According to core functions and molecular weights [4], HSPs can be categorized into six major families: HSP20 (small HSPs), HSP40 (DnaJ proteins), HSP60 (GroEL proteins), HSP70 (DnaK proteins), HSP90 (HptG proteins), and HSP100 (Clp proteins). Traditional methods rely on nuclear magnetic resonance spectroscopy to identify HSP families [5]. However, as an exponential number of proteins are becoming available, time-consuming and resource-intensive processes of experimental annotation have become a serious disadvantage.

Therefore, numerous computational methods have been developed to identify HSP families (Table 1). They commonly used a support vector machine (SVM) classifier trained on a variety of sequence composition features, e.g., pseudo amino acid composition (PAAC), dipeptide composition (DPC), and spaced-DPC (SDPC). While early methods [6, 7] only focused on classifying HSP sequences into one of the six HSP families, PredHSP [8] and ir-HSP [9] proposed two-stage algorithms to cope with non-HSP input sequences as well.
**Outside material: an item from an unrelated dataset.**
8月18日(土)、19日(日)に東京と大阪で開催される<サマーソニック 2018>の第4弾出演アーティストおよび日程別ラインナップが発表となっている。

They are based on sequence composition feature extraction, followed by two trained SVM classifiers. In the first stage, they used an SVM model to discriminate HSP sequences from non-HSP sequences. In the second stage, they used another SVM model to classify those predicted as HSPs into one of the six families. The main difference between the algorithms lies in the type of extracted features.

Download:

Table 1. Summary of related works.

https://doi.org/10.1371/journal.pone.0251865.t001

Previous studies have provided high-throughput methods for identifying HSP families. However, they had two major limitations. First, they relied heavily on the sequence composition features, focusing only on dipeptide statistics. Because they cannot capture more complex high-level information, it limited the performance of the previous algorithms. Second, their prediction performance was overestimated owing to biased experiments. During cross-validation, the second SVM was evaluated independently without considering the first SVM. This resulted in a higher number of true positives, although some of them already have been misclassified as non-HSPs in the first stage. Moreover, during additional tests, it was not ensured that the additional datasets were independent. We found that there are numerous sequences similar to those in the training dataset. The data redundancy also inevitably caused overrated evaluations.
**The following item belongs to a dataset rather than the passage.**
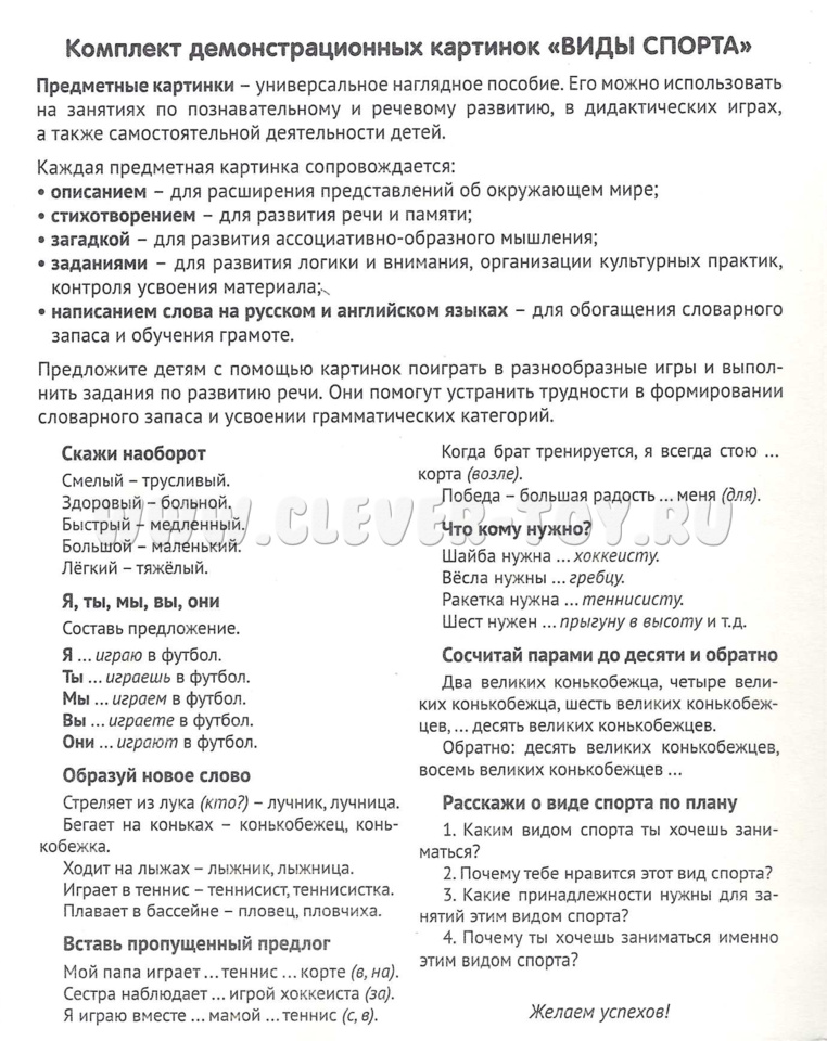 Каждая предметная картинка сопровождается: описанием - для расширения представлений об окружающем мире; стихотворением - для развития речи и памяти; загадкой - для развития ассоциативно-образного мышления; заданиями - для развития логики и внимания, организации культурных практик, контроля усвоения материала.

With the advancement of deep learning, several studies have proposed deep learning models for bioinformatics [10]. As conventional machine learning models heavily rely on extracted features, machine learning researchers often focus on designing effective features for various tasks [11–13]. In contrast, deep learning models eliminate the laborious feature engineering and use deep neural networks to learn hierarchical representations from data. They showed that deep learning models, trained with a substantial amount of labeled data, can achieve state-of-the-art performance in various problems such as CRISPR activity and microRNA target prediction. [14, 15].

Transfer learning is an important cornerstone of deep learning. For example, in natural language processing, word representations are pre-trained using a huge amount of unlabeled text [16, 17]. The learned information can be transferred to a wide range of tasks by training task-specific models on top of the pre-trained word representations. The crux of transfer learning is how to pre-train representations. Several studies have proposed language model (LM)-based approaches that can exploit unlabeled data [16, 17]. Given a sentence, they train an LM such that a randomly masked word is predicted from representations of other words.
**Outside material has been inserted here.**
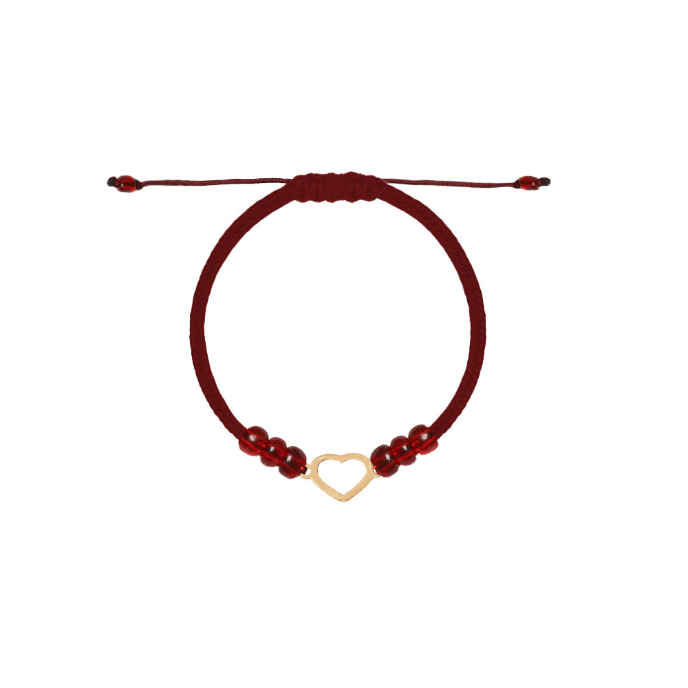 دستبند قلب تو خالی و بافت و سنگ زرشکی

Similarly, a variety of studies have proposed LM-based approaches for protein transfer learning [18–22]. As evolutionary pressure constrains naturally occurring proteins to maintain indispensable functions, they could obtain implicit information underlying protein sequences even without any experimental annotations. Taking advantage of a large number of unlabeled protein sequences, it was demonstrated that pre-trained protein representations convey biochemical, structural, and evolutionary information. Therefore, pre-trained representations can help improve model performance in various protein biology tasks [23].

The key differences among the previous studies originate from two factors: (1) LM architecture and (2) the number of proteins used for pre-training (Table 2). In terms of the LM architecture, UniRep, PLUS-RNN, and SeqVec use recurrent neural networks (RNNs); ProtXLNet, ProtBERT, and ESM use transformers (TFMs). RNN-based models require less resources for both pre-training and producing representations. Although TFM-based models require significantly more resources, they are better at capturing long-term dependencies within proteins and can provide more informative representations [24]. The number of unlabeled proteins used in each study varied considerably. The LMs with more parameters were usually pre-trained with a larger number of proteins. Exceptionally, while ESM used the largest protein LM, it was pre-trained with a relatively small number of proteins. This can be attributed to its high-diversity dataset, which contains only representative proteins from clusters based on sequence identity [22].

Download:

Table 2. Pre-trained protein language models.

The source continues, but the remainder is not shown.